The play takes place in a jury room, where jurors are debating the fate of a 19-year-old man on trial for fatally stabbing his father. During the course of their high-intensity deliberations, the jurors’ own character and prejudices come out.

McMurtry said rehearsals have been so positive that they hope to direct more shows where the roles are not gender specific. They also hope that audiences will experience more than just the play itself when they attend.

“My goal has always been to normalize these unfamiliar gender terms they-them. I wanted to use a show that doesn’t talk about gender but makes it normal to use pronouns people may not be completely familiar with. Some people don’t understand the different gender terms, and we hope that with this show they’ll discover that it’s easy to use these terms.”

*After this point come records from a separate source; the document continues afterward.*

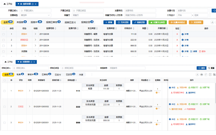 支持员工线上快速提交报销,系统自动完成发票重复性检查与真伪校验,有效规避重复报销和假票入账风险。
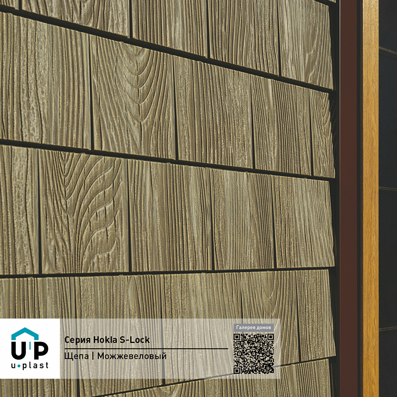 Фасадная панель Ю-Пласт Hokla S-Lock Щепа Можжевеловый — оптимальное сочетание надежности и эстетичного вида. Материал точно имитирует вид натурального дерева: дом будет выглядеть респектабельно, при этом отделка не вызовет сложностей и прослужит долго без особых усилий с вашей стороны.
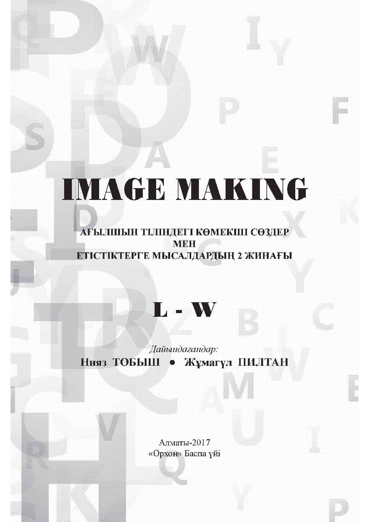 Image Making [Text] : мұғалімдерге көмекші құpaл ; [дайындағандар: Н. Тобыш, Ж. Пилтан] .- Алматы : "Орхон" Баспа үйі , 2017.– 200 дана . – ISBN 978-601-7403-86-7 - Мәтін ағылшын тілдерінде . 2-том . Ағылшын тіліндегі көмекші сөздер мен етістіктерге мысалдардың 2 жинағы. L-W– 464 б.
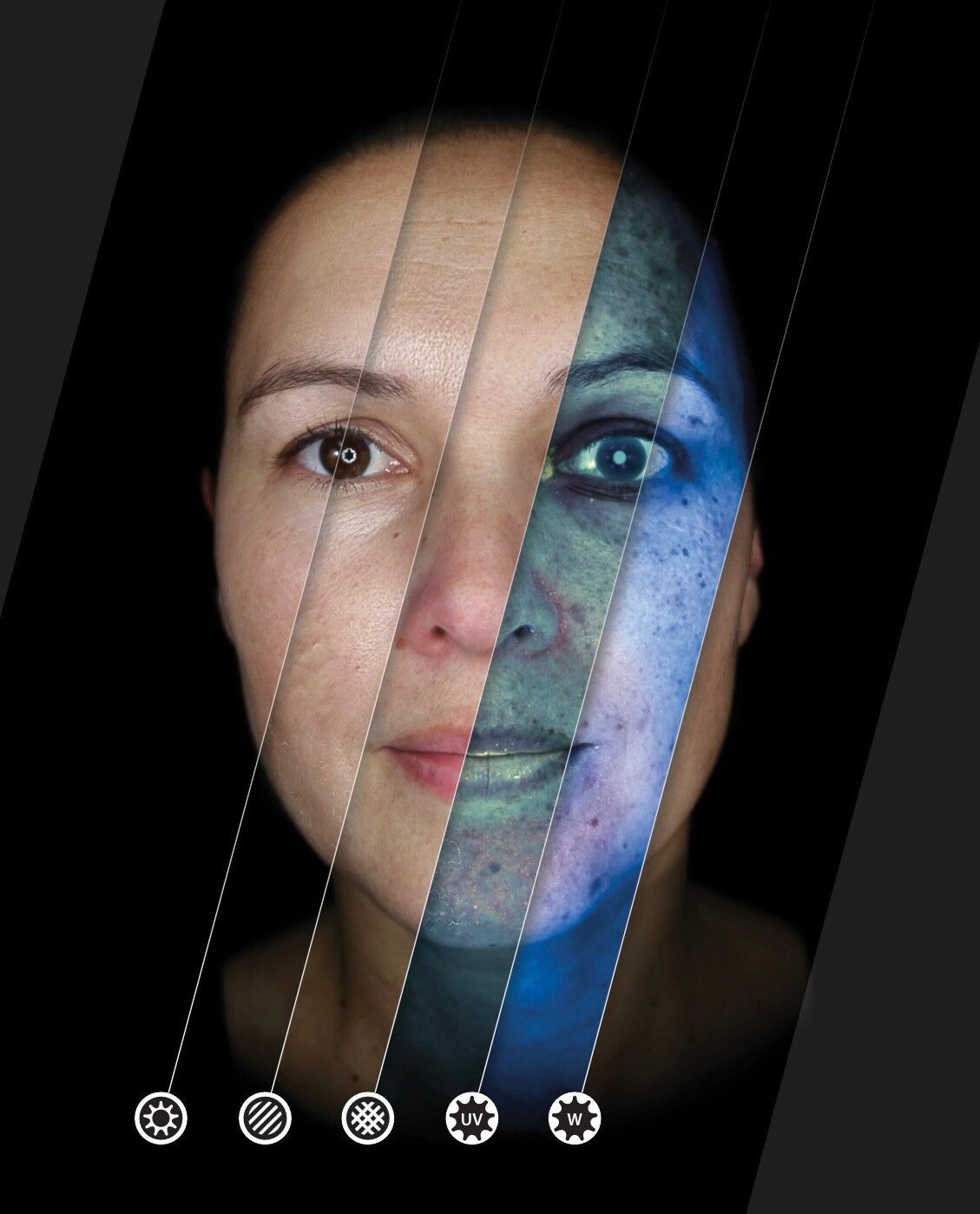 Die Kombination aus patentierter Fluoreszenz-Technologie, verschiedenen Licht- und Polarisierungsfiltern zeigt den Hautzustand klarer und kontrastreicher als herkömmliche Analysemethoden.
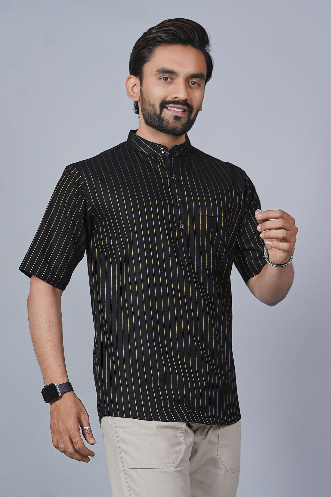 KEENLINE Luxe Kurta-Style Linen Cotton Shirt – Premium Festive Smart Wear
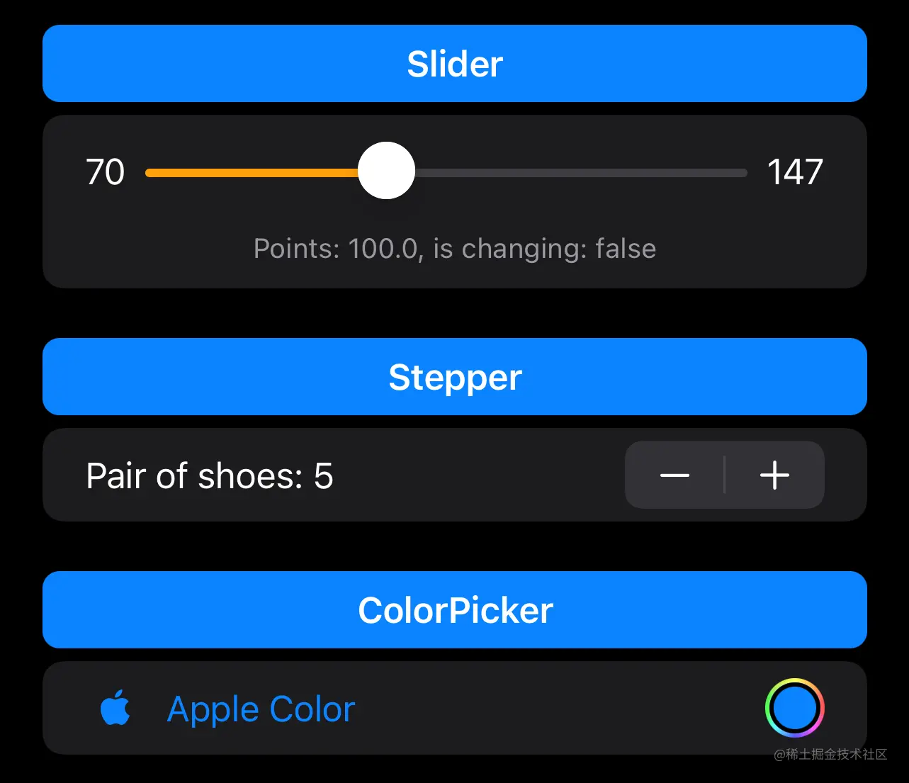 Toggle 可以直接传入字符串构建,也可以自定义样式,如示例所示,Cold 对应的开关,我们传入的是一个 Label 。并且通过 if isCold { Image... } 条件渲染左边的天气图标。
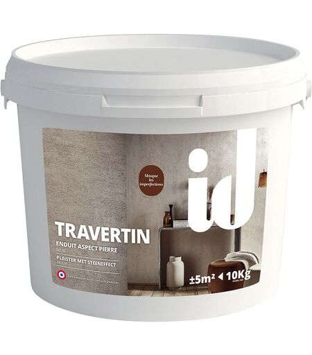 Description générale Le Travertin est un enduit aspect pierre, fabriqué en France, qui rénove et décore tout en masquant les imperfections des murs. Il se teinte avec des terres naturelles et s'applique facilement à la spatule ou à une taloche en inox. De plus, il est décollable à l'éponge humide ou à l'aide d'une décolleuse à papier peint. Spécifications techniques Conditionnement : 10 kg Bénéfices : Déco, rénovation, masque les imperfections Supports : Mur Rendement : ± 5 m² Compatibilité et accessoires Primaire pour préparation Spatule ou taloche en inox pour application Installation Appliquez une couche de primaire avant d'utiliser l'enduit. Pour la première couche, utilisez la spatule ou la taloche en inox pour appliquer l'enduit et lissez pour obtenir une surface uniforme. Laissez sécher pendant 8 heures. Pour la seconde couche, appliquez une couche fine et laissez prendre pendant 10 à 15 minutes, puis raclez la surface pour créer des aspérités et donner l'effet travertin. ...
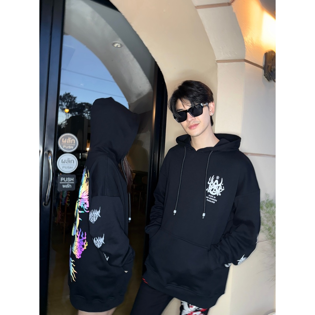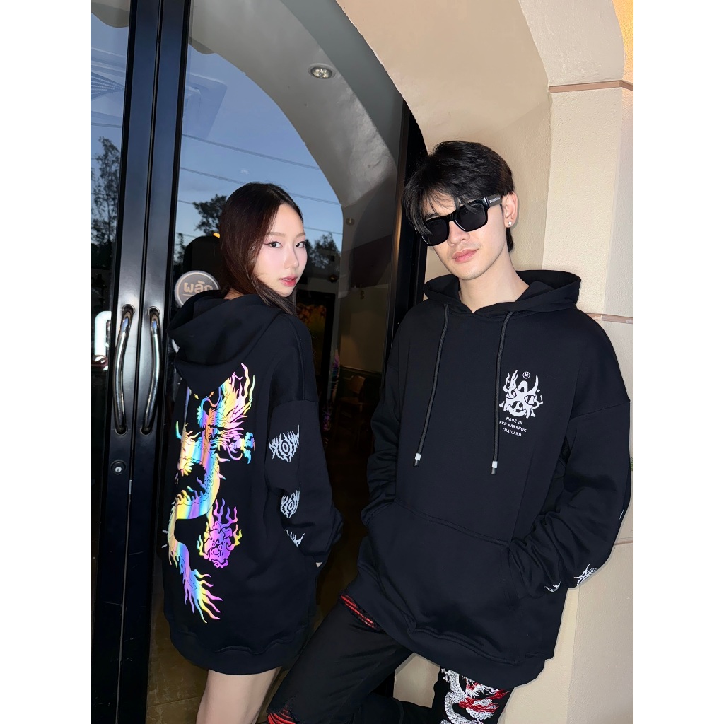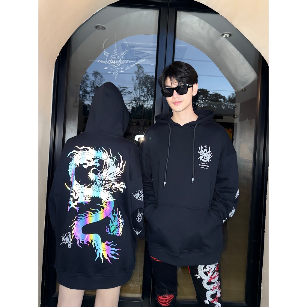 XOM509 เสื้อฮู้ดดี้ เสื้อฮู้ดแขนยาว ลายมังกรสะท้อนแสง XOMBRAND

Performances are at 7 p.m. Fridays and Saturdays and 2 p.m. Sundays, Friday through March 20 at 116 Kalma St. in Escondido. Tickets are $10 to $14. Visit patioplayhouse.com.

Actors Julian Pesqueira, left, Eddie Gange and AJ Gange in "Disney Descendants: The Musical."
Actors Julian Pesqueira, left, Eddie Gange and AJ Gange, co-star in “Disney Descendants: The Musical.”
(Rosemarie Rodriguez)

Maraya Performing Arts, founded in 2020 by Anjanette Maraya-Ramey, is collaborating with KIPP Adelante Preparatory Academy, a charter middle school in in Southeast San Diego, on “Disney Descendants: The Musical.” It will run March 4 through 11 on the KIPP Adelante campus. The production will feature a diverse 22-member cast of actors ages 4 to 16 in this musical based on the Disney Channel series about the children of famous Disney animated film characters.

Featured in the cast are siblings AJ Gange, 12, and Eddie Gange, 13. Eddie was diagnosed with autism at age 3, and because of his disability, he was not able to share in AJ’s passion for performing in local youth theater productions. Maraya’s “Disney Descendants” is their first opportunity to appear in a theater production together. Another boy featured in the cast, Julian Pesqueira, is also on the spectrum.

The site-specific production will have audience members musing through indoor and outdoor space at the school where they will encounter actors in character performing scenes. Maraya-Ramey, who is now in remission after a three-year battle with leukemia, is directing and choreographing the production. This is her Chula Vista arts company’s first large-scale youth theater production.

Performances are at 7 p.m. Friday and Saturdays and 2 p.m. Saturdays and Sundays, Friday through March 13, at 426 Euclid Ave, San Diego. Tickets are $10. Visit marayaarts.com.